I'm afraid you misunderstood me. I wrote that it is often _seen_ as the
greatest obstacle by people who try to make learning easier, because
intuition seems to tell us so. But in fact it is not, as has been
demonstrated several times. There is an entire subfield of science known as
"the psychology of programming". A very boring one, believe me, much because
all they have been able to prove is that nothing that they've tried has
really made a difference, beyond what is obvious anyway (such as OO being a
great idea). Of course, one of the greatest conceptual advances in
programming was OO, because it changed the conceptual level.

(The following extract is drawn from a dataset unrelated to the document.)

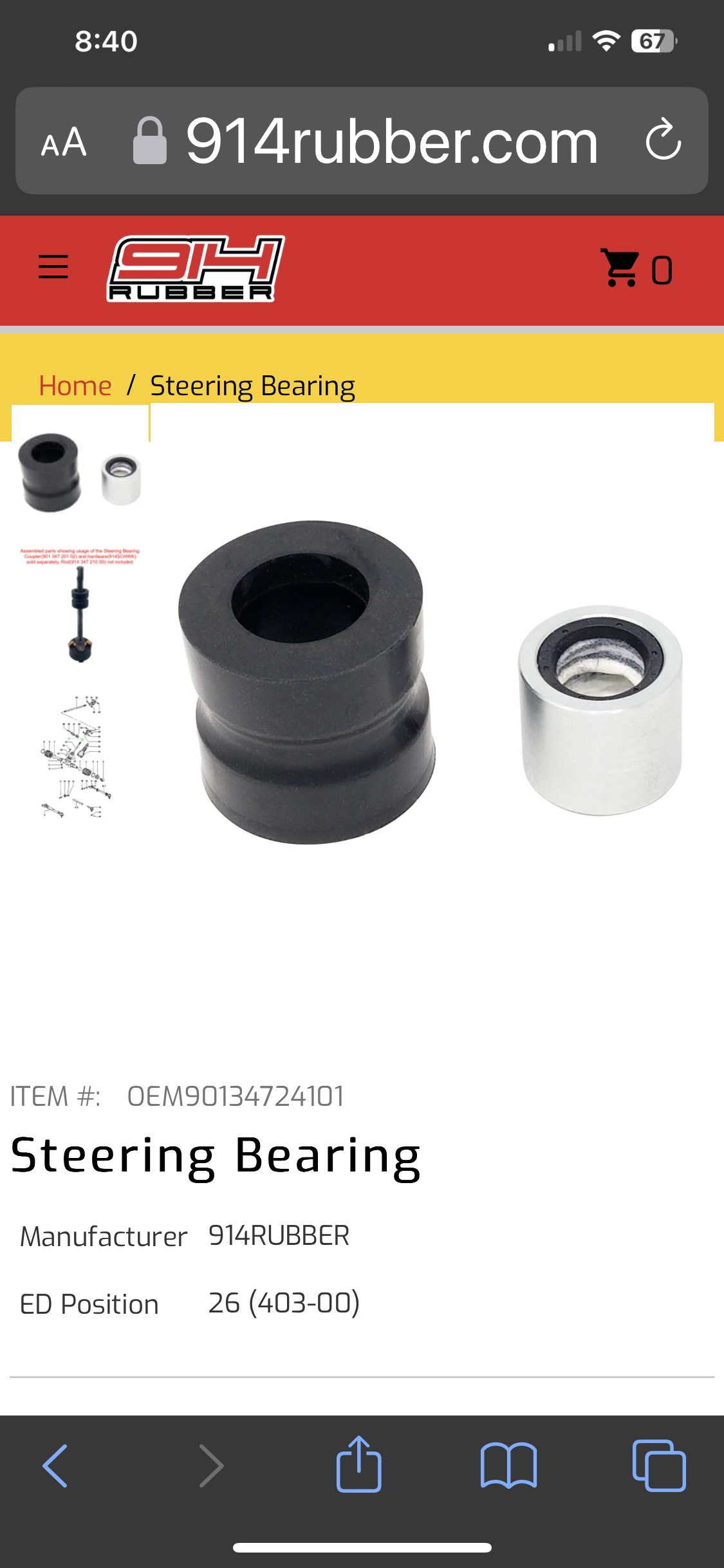 Thanks Mark Any idea what that part is and where to get one? I may be missing something here but this is what came to mind when I saw your first post. Pretty reasonable price at 914 rubber. I think that is the rubber, two-piece steering bearing that is clamped to the chassis shown in my photo. The parts diagram shows it as two separate pieces but they fit together. |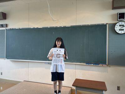 ↓ 全校集会では県中体連から功績賞を、県スポーツ協会から表彰状を贈られた畠山さんの表彰も行い、全校生徒でお祝いをしました。畠山さんのますますの活躍をお祈りしています。

I can see that you read this as the _novices_ seeing it as an obstacle, and
therefore to remove it, but my point here is that this will become a problem
in the longer run.

>> The syntax difference is surely the first one you
>> notice, but this is just a first-impressions issue in my opinion. As Yogi
>> Berra might have said, the surface is only skin-deep. The more important
>> issues are, indeed, deeper.
> 
> I agree, to some extent, about the superficialness of syntax, however we
> all know that extremely little code can be moved without effort from one
> environment to another, not even between dialects of Smalltalk.

Exactly, and this isn't because of the syntax but the differences in class
structure and protocols. This is why I doubt that enforcing := or adding
underscores will be of much help for cross-dialect portability (oops, now I
gave away my opinion on that topic).

> So much
> less is it possible to solve the deeper issues if not even this can be
> done. If syntax is only skin deep then many programmers are racists. My
> point is, it shouldnt be the skin, it should be the clothes.

Hmm, a drastic analogy if there ever was one, but this begs the question,
shouldn't we adress the real issue of 'racism', and help them to see that it
is really the inside that matters, just like their mothers told them,
instead of covering up the problem, literally, by dressing the foreign
elements in new clothes.

> As for your insinuations they do nothing to improve the discussion.
> 

Whoa. I'm sorry, what did you regard as insinuations? I put in smileys, even
double ones, so that it would be clear that I was joking. I try not to take
myself too seriously.

Henrik

PS. Looking forward to your postings on functional programming.